## Your instructions
For this task, output exactly the lines of the material below starting at the line with "As we continue" and ending at the line with "and 37,5°, as"; pictures are to be excluded.

## Data records
####
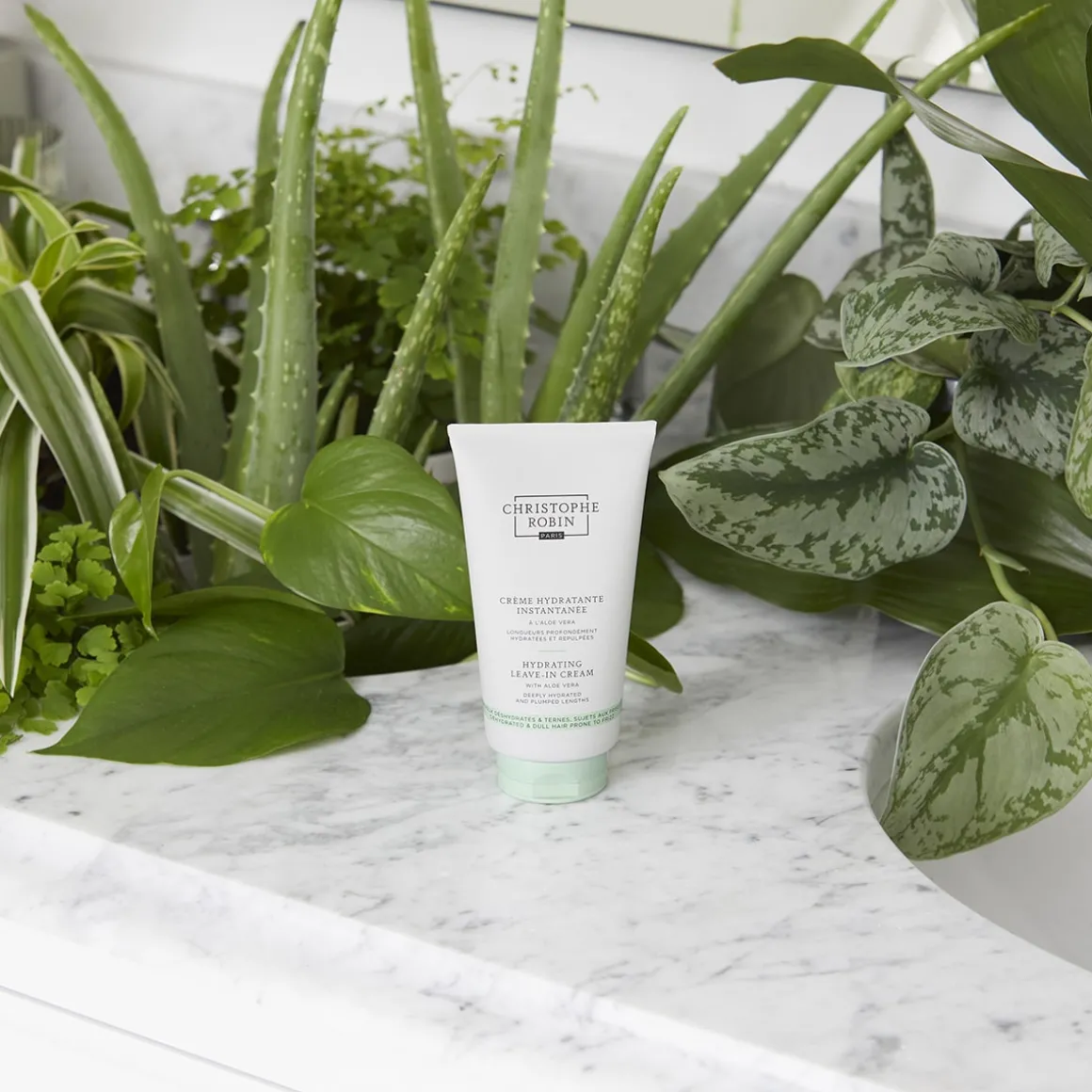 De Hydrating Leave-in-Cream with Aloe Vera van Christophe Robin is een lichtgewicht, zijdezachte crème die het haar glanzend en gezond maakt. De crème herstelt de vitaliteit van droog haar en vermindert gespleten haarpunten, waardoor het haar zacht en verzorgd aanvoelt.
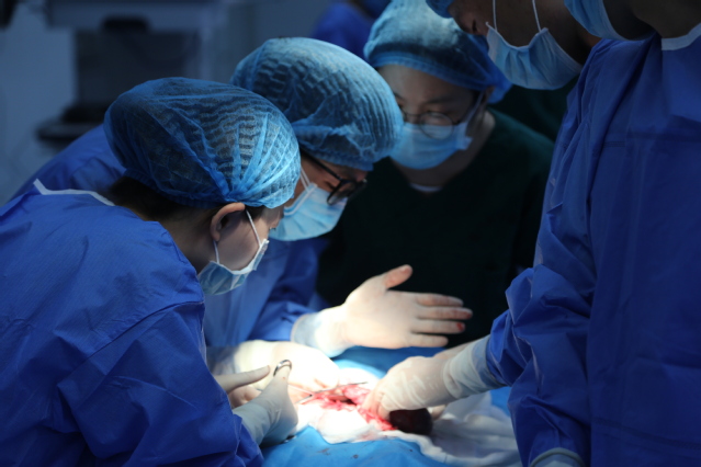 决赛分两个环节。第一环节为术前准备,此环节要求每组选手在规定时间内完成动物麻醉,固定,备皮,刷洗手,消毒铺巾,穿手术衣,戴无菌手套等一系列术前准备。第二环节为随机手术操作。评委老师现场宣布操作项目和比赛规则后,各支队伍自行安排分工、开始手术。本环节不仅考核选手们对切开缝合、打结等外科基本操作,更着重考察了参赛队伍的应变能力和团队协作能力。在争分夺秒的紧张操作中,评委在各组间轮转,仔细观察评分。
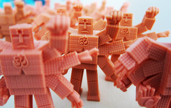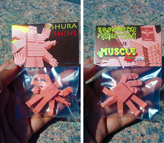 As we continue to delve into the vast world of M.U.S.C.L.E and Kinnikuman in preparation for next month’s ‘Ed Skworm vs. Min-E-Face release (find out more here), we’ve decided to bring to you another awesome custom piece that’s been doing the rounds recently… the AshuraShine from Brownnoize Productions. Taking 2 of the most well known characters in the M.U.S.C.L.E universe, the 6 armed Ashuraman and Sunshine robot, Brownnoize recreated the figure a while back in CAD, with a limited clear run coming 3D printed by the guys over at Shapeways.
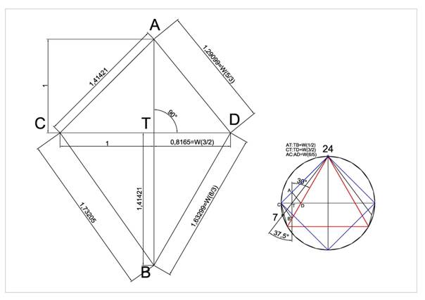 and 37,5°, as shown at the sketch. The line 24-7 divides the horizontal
####
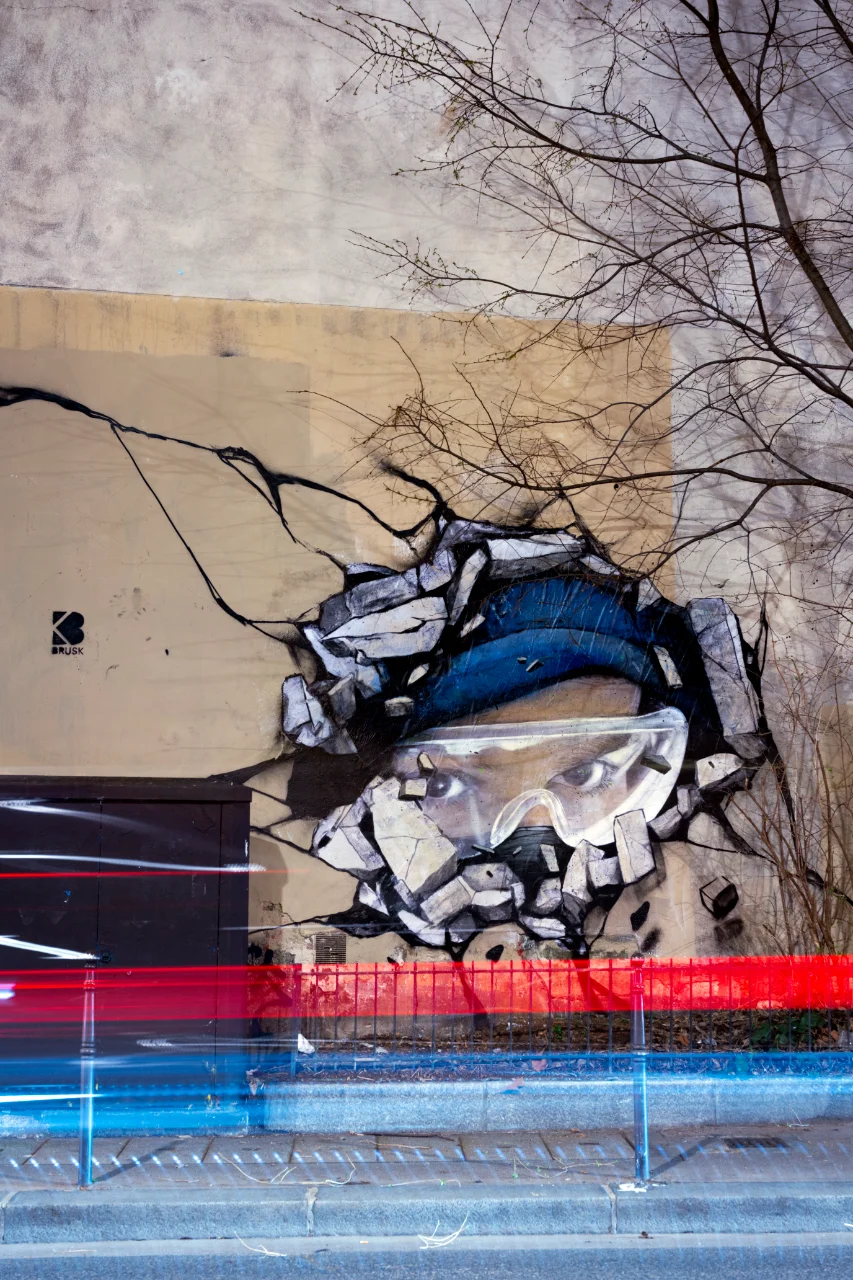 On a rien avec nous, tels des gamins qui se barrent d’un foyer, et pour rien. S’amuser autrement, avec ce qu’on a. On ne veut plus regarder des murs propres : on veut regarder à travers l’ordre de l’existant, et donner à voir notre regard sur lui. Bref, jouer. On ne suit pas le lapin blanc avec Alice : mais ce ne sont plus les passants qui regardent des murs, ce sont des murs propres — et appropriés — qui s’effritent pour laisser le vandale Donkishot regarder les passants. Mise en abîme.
####
## Problem solution
 As we continue to delve into the vast world of M.U.S.C.L.E and Kinnikuman in preparation for next month’s ‘Ed Skworm vs. Min-E-Face release (find out more here), we’ve decided to bring to you another awesome custom piece that’s been doing the rounds recently… the AshuraShine from Brownnoize Productions. Taking 2 of the most well known characters in the M.U.S.C.L.E universe, the 6 armed Ashuraman and Sunshine robot, Brownnoize recreated the figure a while back in CAD, with a limited clear run coming 3D printed by the guys over at Shapeways.
 and 37,5°, as shown at the sketch. The line 24-7 divides the horizontal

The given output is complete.